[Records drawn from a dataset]
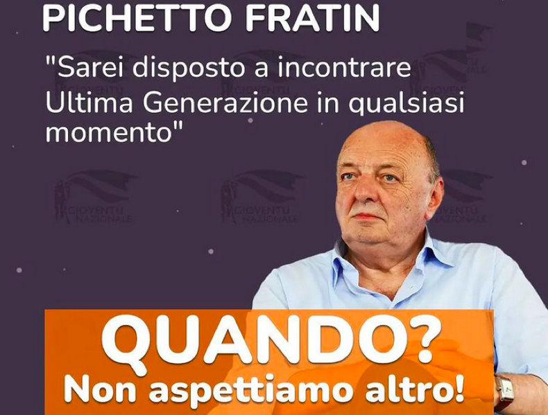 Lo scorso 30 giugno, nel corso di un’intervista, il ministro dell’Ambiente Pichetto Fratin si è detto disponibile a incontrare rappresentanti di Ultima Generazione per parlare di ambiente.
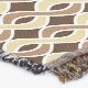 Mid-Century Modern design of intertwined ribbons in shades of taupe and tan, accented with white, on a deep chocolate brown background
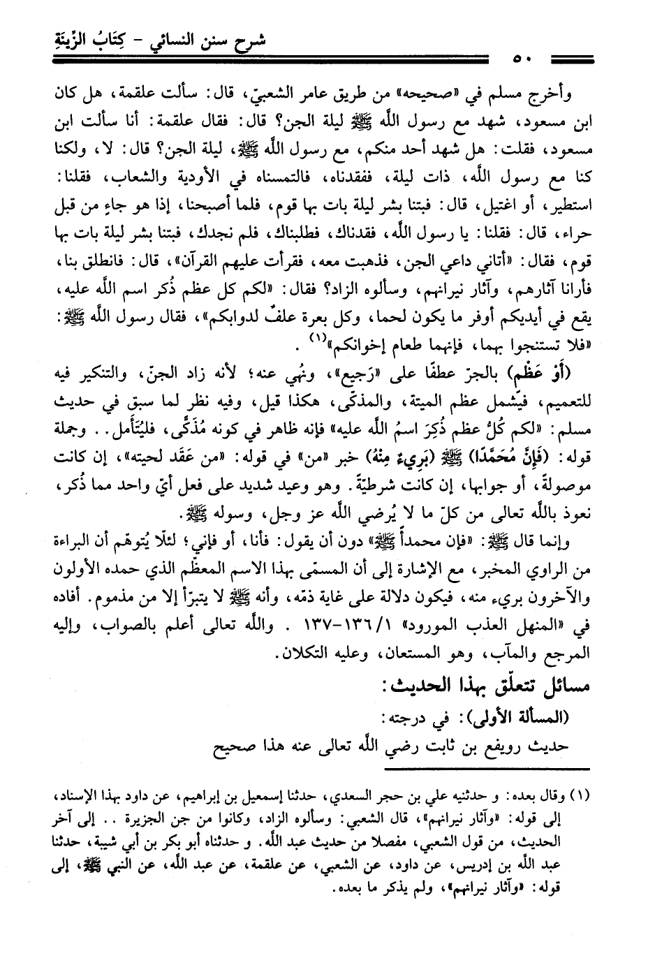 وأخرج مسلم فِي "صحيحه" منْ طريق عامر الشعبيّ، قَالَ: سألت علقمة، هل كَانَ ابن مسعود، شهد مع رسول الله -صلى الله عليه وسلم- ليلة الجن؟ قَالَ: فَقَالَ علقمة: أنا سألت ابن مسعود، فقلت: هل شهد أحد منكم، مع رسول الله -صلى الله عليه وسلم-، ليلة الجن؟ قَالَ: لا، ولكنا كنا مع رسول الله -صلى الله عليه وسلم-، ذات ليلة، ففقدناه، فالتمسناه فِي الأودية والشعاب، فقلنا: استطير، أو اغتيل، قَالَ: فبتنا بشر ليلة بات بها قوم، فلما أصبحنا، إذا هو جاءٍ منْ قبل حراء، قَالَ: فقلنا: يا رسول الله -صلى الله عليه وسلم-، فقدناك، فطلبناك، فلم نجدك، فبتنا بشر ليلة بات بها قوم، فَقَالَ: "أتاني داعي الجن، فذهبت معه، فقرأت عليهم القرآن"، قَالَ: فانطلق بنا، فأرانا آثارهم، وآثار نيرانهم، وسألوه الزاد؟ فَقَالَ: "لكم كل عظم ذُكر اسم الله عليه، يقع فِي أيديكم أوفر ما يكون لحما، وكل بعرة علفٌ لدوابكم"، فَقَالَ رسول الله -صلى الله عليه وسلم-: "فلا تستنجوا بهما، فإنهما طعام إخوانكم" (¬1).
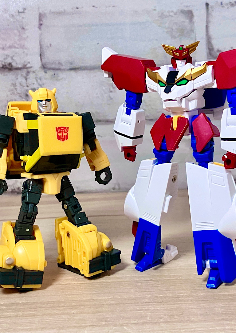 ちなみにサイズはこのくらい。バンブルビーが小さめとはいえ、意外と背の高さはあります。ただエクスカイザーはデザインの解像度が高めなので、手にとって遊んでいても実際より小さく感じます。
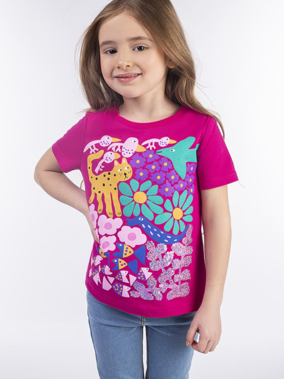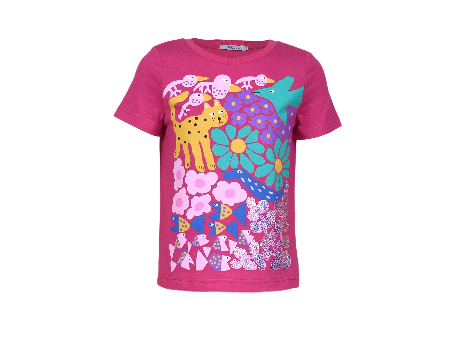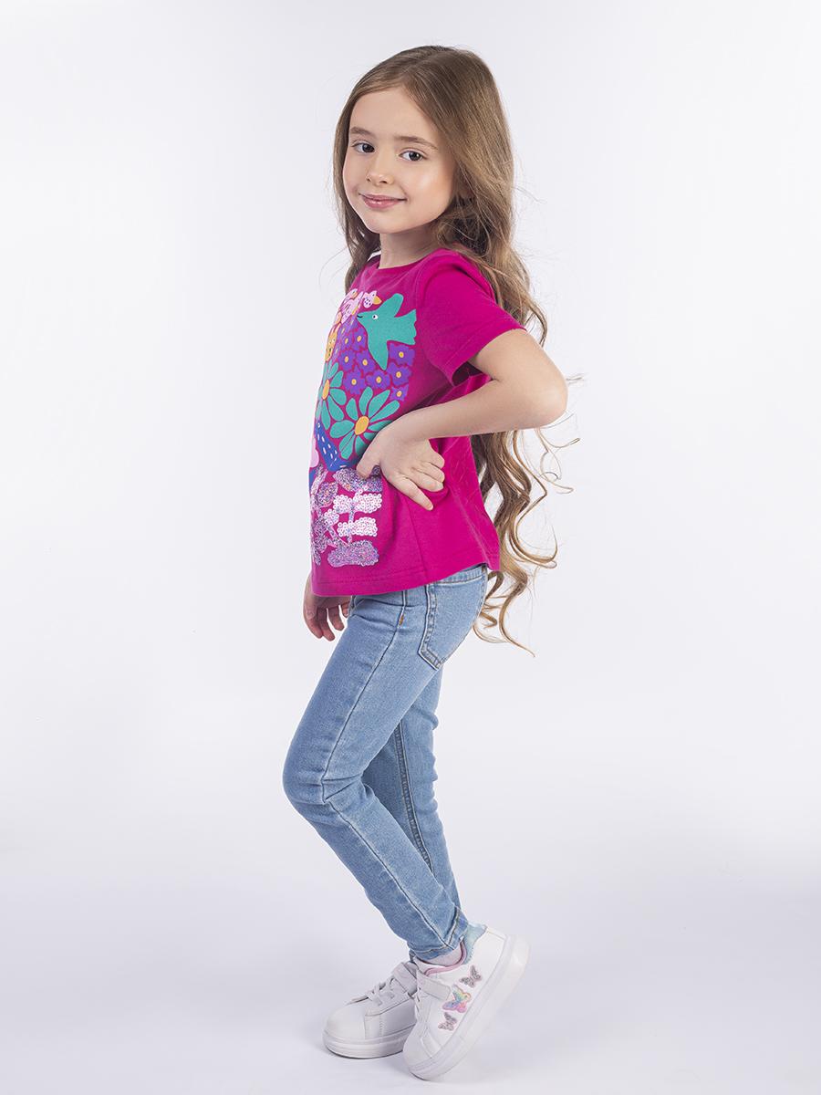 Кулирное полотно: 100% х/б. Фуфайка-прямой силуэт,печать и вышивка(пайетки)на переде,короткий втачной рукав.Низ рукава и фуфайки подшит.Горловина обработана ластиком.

ACTIVITY → Skip every picture and transcribe the data above exactly.

TASK SOLUTION →
 Lo scorso 30 giugno, nel corso di un’intervista, il ministro dell’Ambiente Pichetto Fratin si è detto disponibile a incontrare rappresentanti di Ultima Generazione per parlare di ambiente.
 Mid-Century Modern design of intertwined ribbons in shades of taupe and tan, accented with white, on a deep chocolate brown background
 وأخرج مسلم فِي "صحيحه" منْ طريق عامر الشعبيّ، قَالَ: سألت علقمة، هل كَانَ ابن مسعود، شهد مع رسول الله -صلى الله عليه وسلم- ليلة الجن؟ قَالَ: فَقَالَ علقمة: أنا سألت ابن مسعود، فقلت: هل شهد أحد منكم، مع رسول الله -صلى الله عليه وسلم-، ليلة الجن؟ قَالَ: لا، ولكنا كنا مع رسول الله -صلى الله عليه وسلم-، ذات ليلة، ففقدناه، فالتمسناه فِي الأودية والشعاب، فقلنا: استطير، أو اغتيل، قَالَ: فبتنا بشر ليلة بات بها قوم، فلما أصبحنا، إذا هو جاءٍ منْ قبل حراء، قَالَ: فقلنا: يا رسول الله -صلى الله عليه وسلم-، فقدناك، فطلبناك، فلم نجدك، فبتنا بشر ليلة بات بها قوم، فَقَالَ: "أتاني داعي الجن، فذهبت معه، فقرأت عليهم القرآن"، قَالَ: فانطلق بنا، فأرانا آثارهم، وآثار نيرانهم، وسألوه الزاد؟ فَقَالَ: "لكم كل عظم ذُكر اسم الله عليه، يقع فِي أيديكم أوفر ما يكون لحما، وكل بعرة علفٌ لدوابكم"، فَقَالَ رسول الله -صلى الله عليه وسلم-: "فلا تستنجوا بهما، فإنهما طعام إخوانكم" (¬1).
 ちなみにサイズはこのくらい。バンブルビーが小さめとはいえ、意外と背の高さはあります。ただエクスカイザーはデザインの解像度が高めなので、手にとって遊んでいても実際より小さく感じます。
 Кулирное полотно: 100% х/б. Фуфайка-прямой силуэт,печать и вышивка(пайетки)на переде,короткий втачной рукав.Низ рукава и фуфайки подшит.Горловина обработана ластиком.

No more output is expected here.